__Problem description__.
Your answer must restate the listing below word for word and contain no images.

__Provided material__.
+---+

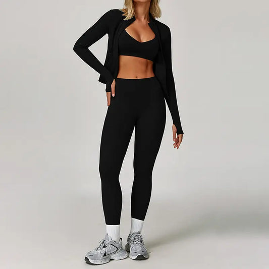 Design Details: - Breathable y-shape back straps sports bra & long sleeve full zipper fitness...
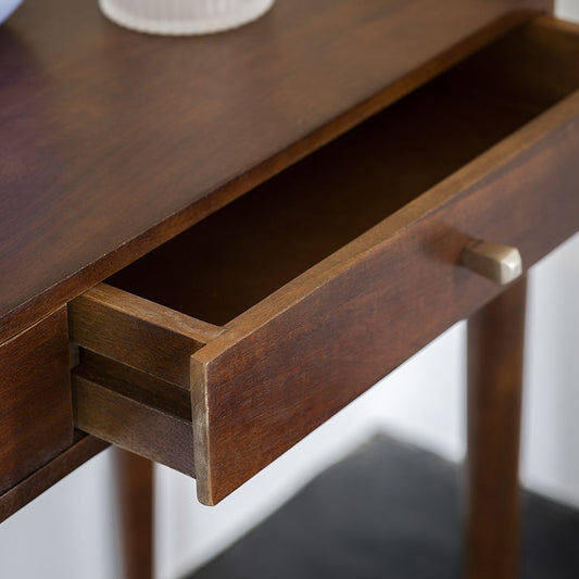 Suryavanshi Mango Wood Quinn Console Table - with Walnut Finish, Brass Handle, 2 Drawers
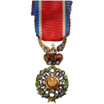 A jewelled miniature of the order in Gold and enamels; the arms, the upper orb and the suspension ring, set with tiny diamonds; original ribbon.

+---+

__Reply__.
 Design Details: - Breathable y-shape back straps sports bra & long sleeve full zipper fitness...
 Suryavanshi Mango Wood Quinn Console Table - with Walnut Finish, Brass Handle, 2 Drawers
 A jewelled miniature of the order in Gold and enamels; the arms, the upper orb and the suspension ring, set with tiny diamonds; original ribbon.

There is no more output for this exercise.